Orthochilus leontoglossus lion tongues

Orthochilus leontoglossus lion tongues
Author: Ivan Lätti
Photographer: Judd Kirkel Welwitch

A couple of Orthochilus leontoglossus flower lips in the photo show why the plant’s common name is lion's tongue. The Greek origin of the specific name, leontoglossus, meaning lion-tongued or having the tongue of a lion, is echoed in this common name. The Greek words leon meaning lion and glossa meaning tongue, yielded the formal epithet, later Latinised.

It is said that a lion can draw blood when repeatedly licking human skin, due to the sharp, keratin spine-hooks on the tongue papilla. But lions are not scary because of their licking prowess. The doubtful privilege of inspecting lion tongue closely would provide the relevant information. Volunteers may be hard to find.
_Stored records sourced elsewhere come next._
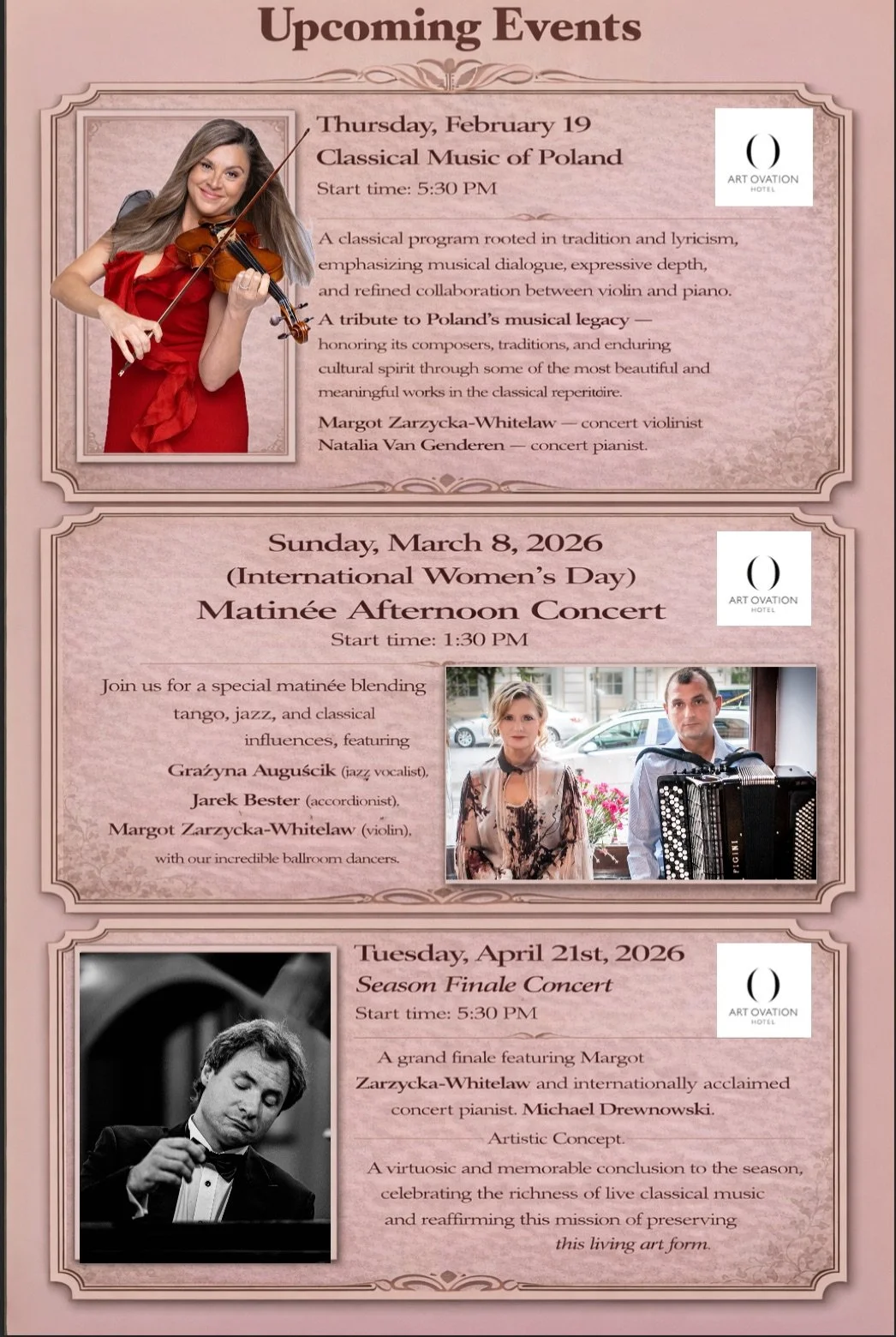 Seating is limited. If you are interested in attending the March 8 concert or inquiring about hosting a private performance, we would be pleased to share further details.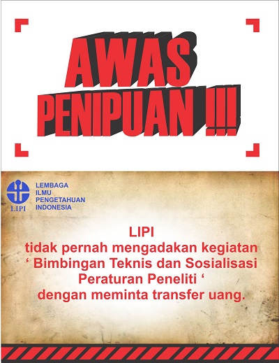 (Jakarta – Humas LIPI). Lembaga Ilmu Pengetahuan Indonesia (LIPI) mengimbau masyarakat umum agar mewaspadai peredaran undangan kegiatan bimbingan teknis dan sosialiasi palsu yang mengatasnamakan LIPI. “Surat Undangan Bimbingan Teknis dan Sosialiasi nomor 5972/WK/UM-LIPI/IV/2-15 tertanggal 25 Maret 2015 adalah palsu,” ungkap Wakil Kepala LIPI Dr. Akmadi Abbas di Jakarta pada Selasa (31/3) lalu. - -Surat undangan bertanda tangan Wakil Kepala LIPI t...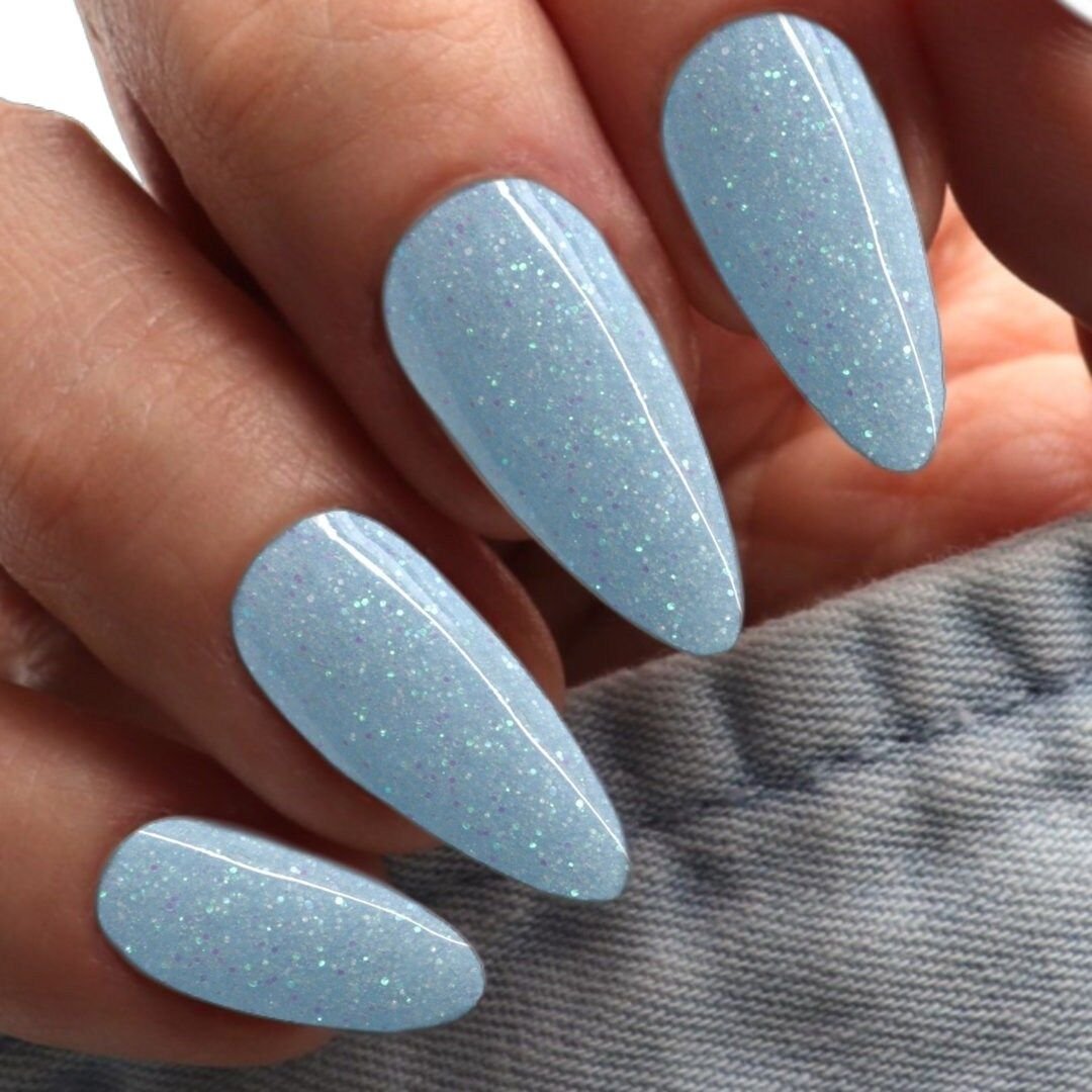 Icy blue nails capture the crisp beauty of winter landscapes. For the 2025–2026 season, this cool shade is trending in various almond nail designs. Soft pastel blue creates a delicate frozen look, while deeper icy tones feel dramatic and bold.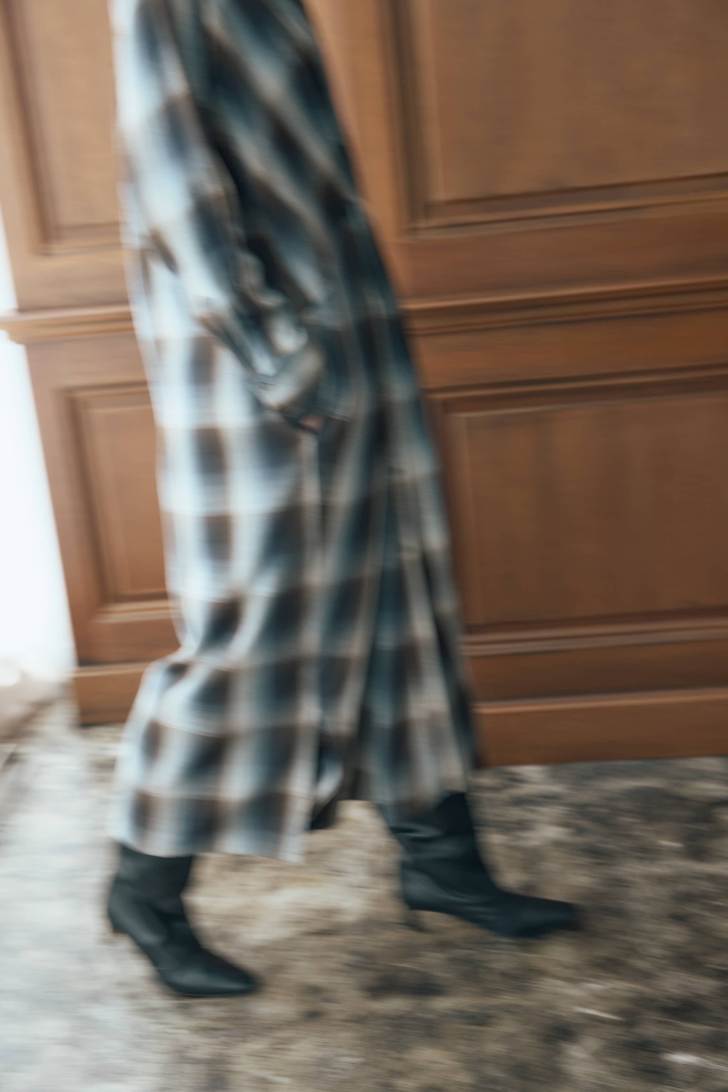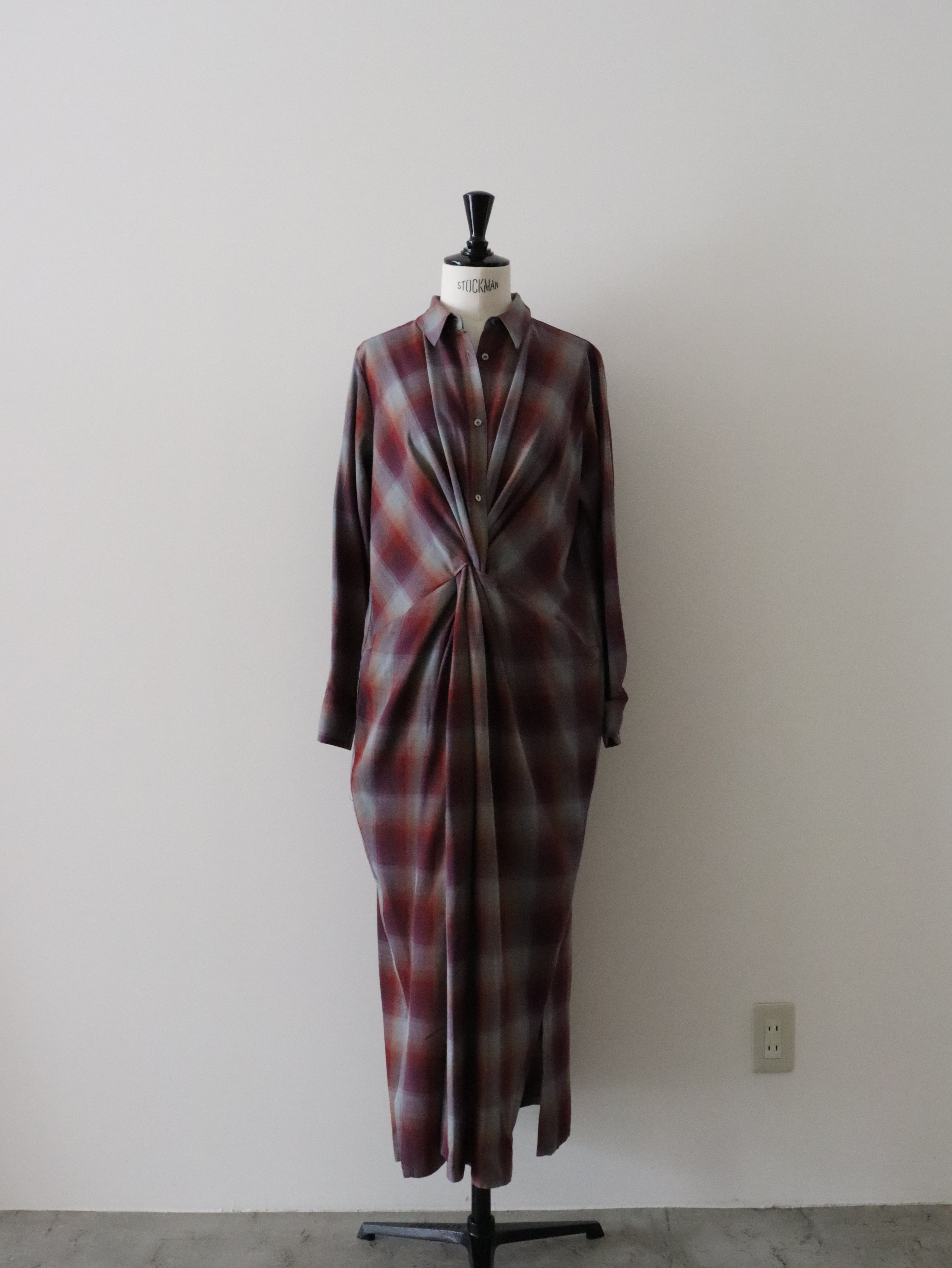 落ち感のあるニュアンスチェックで仕立てたシャツワンピース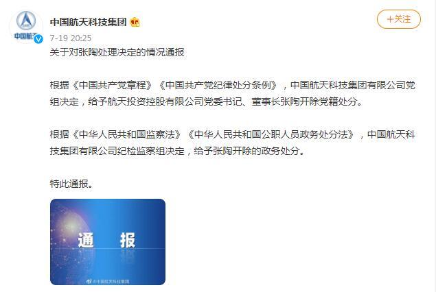 中新网7月19日电 据中国航天科技集团有限公司官方微博19日通报,根据《中国共产党章程》《中国共产党纪律处分条例》,中国航天科技集团有限公司党组决定,给予航天投资控股有限公司党委书记、董事长张陶开除党籍处分。根据《中华人民共和国监察法》《中华人民共和国公职人员政务处分法》,中国航天科技集团有限公司纪检监察组决定,给予张陶开除的政务处分。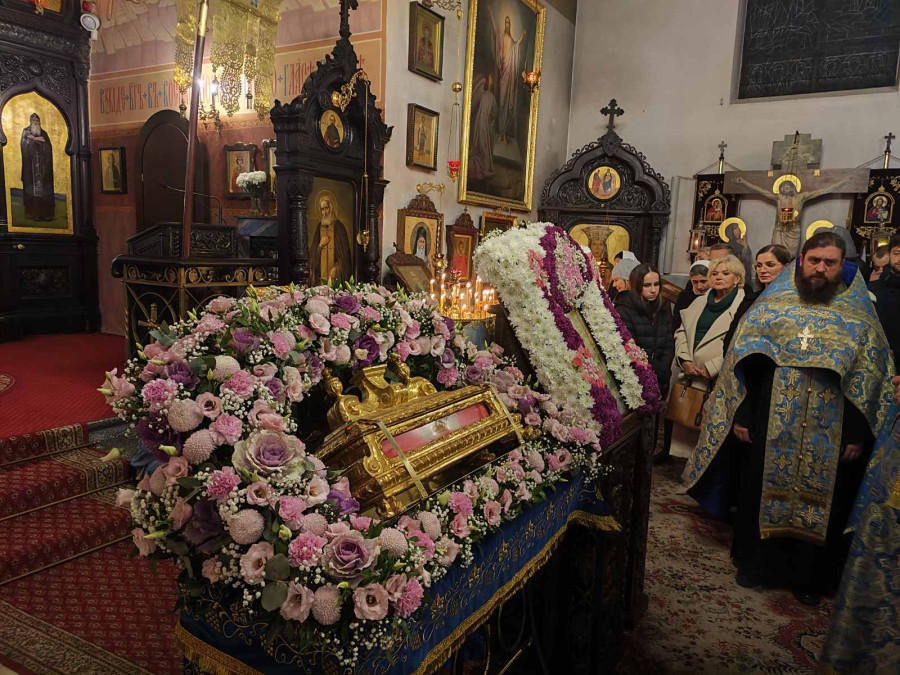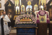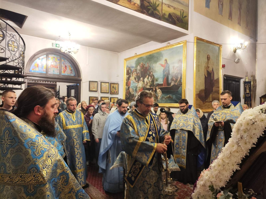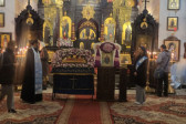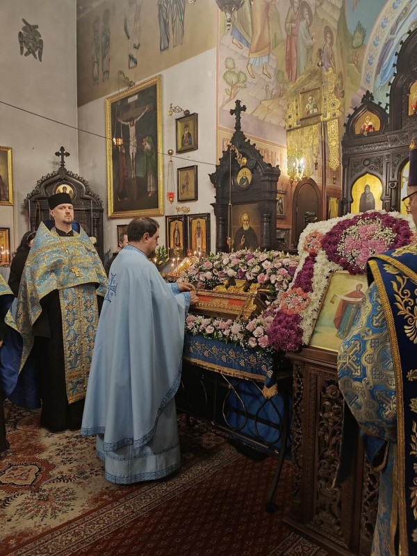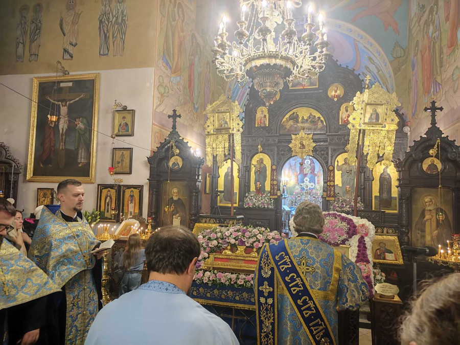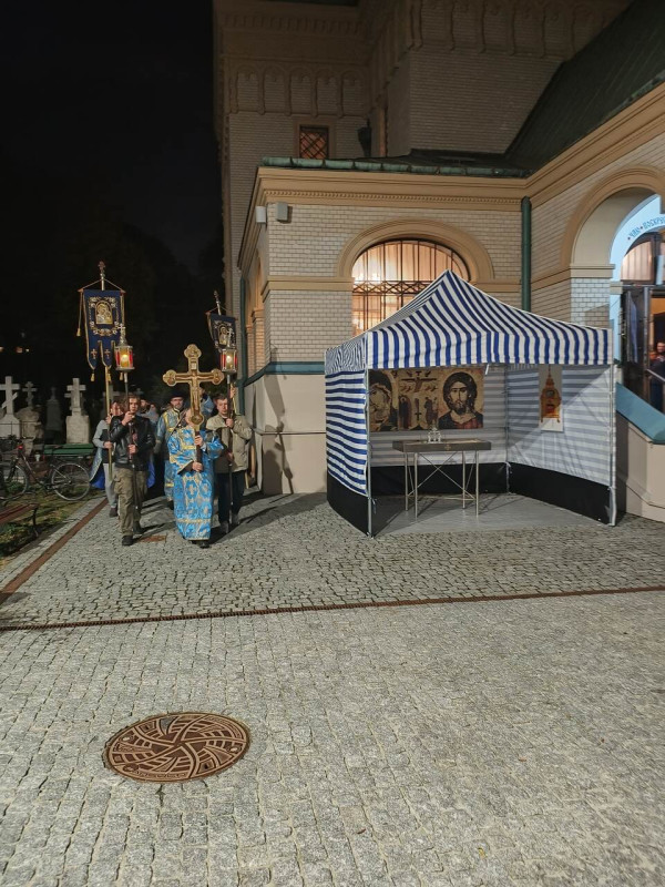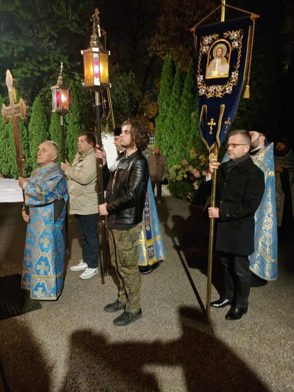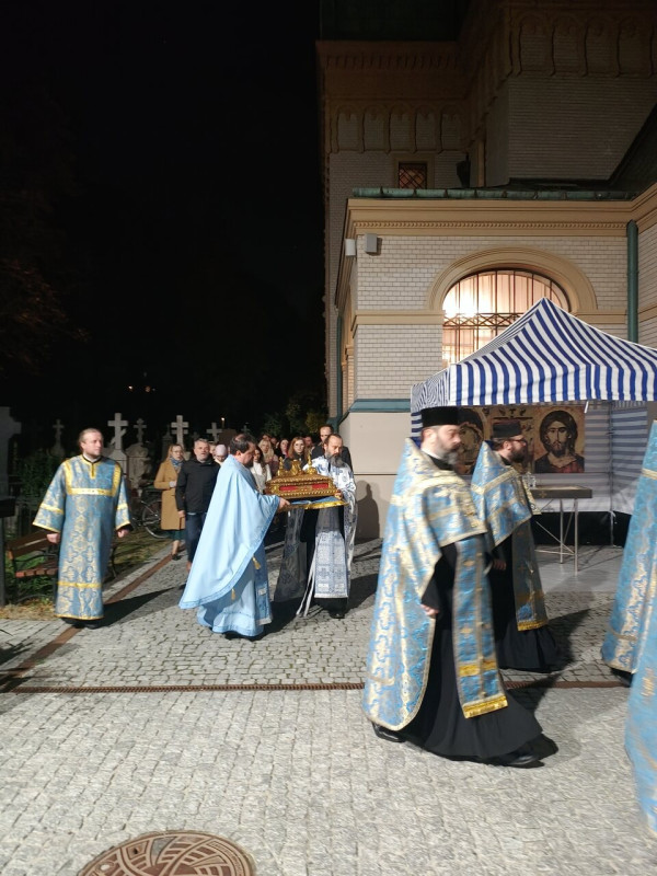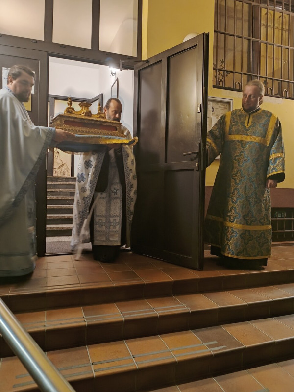 O godz. 22.00 odbyła się procesja duchownych wraz z wiernymi z wolskiej świątyni do domu parafialnego. Tam powitano Relikwię, a następnie wszyscy udali się do cerkwi. Chwilę później rozpoczął się akatyst ku czci Przenajświętszej Bogurodzicy, któremu przewodniczył ks. Michaił Bułgakow, jeden z incjatorów i pomysłodawców peregrynacji Relikwii do Polski. Następnie, o godz. 24.00, odbyła się Boska Liturgia, podczas której wielu wiernych przystąpiło do sakramentu spowiedzi i Eucharystii.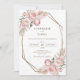 Celebre sua história de amor com este convite romântico e elegante para casamento floral com flores cor-de-água rosa delicadas, sotaques de grama pampas macios e um quadro de ouro. Perfeito para casamentos modernos, casamentos bélicos, casamentos rústicos ou casamentos cor-de-rosa elegantes. Este design adiciona um toque de beleza eterno ao seu dia especial.

The possibility that the flower's lip colour rather than the protruding papillae brought the orchid its name can be ruled out. Lion tongues are pink in several shades, unless the animals are sick in strange ways.

The rounded, dense flowerhead of cylindrical buds is in picture white tinged green. It is gradually opening its white flowers, none of them spreading their segments widely, or normally does so (Pooley, 1998; Lowrey and Wright, 1987; iNaturalist).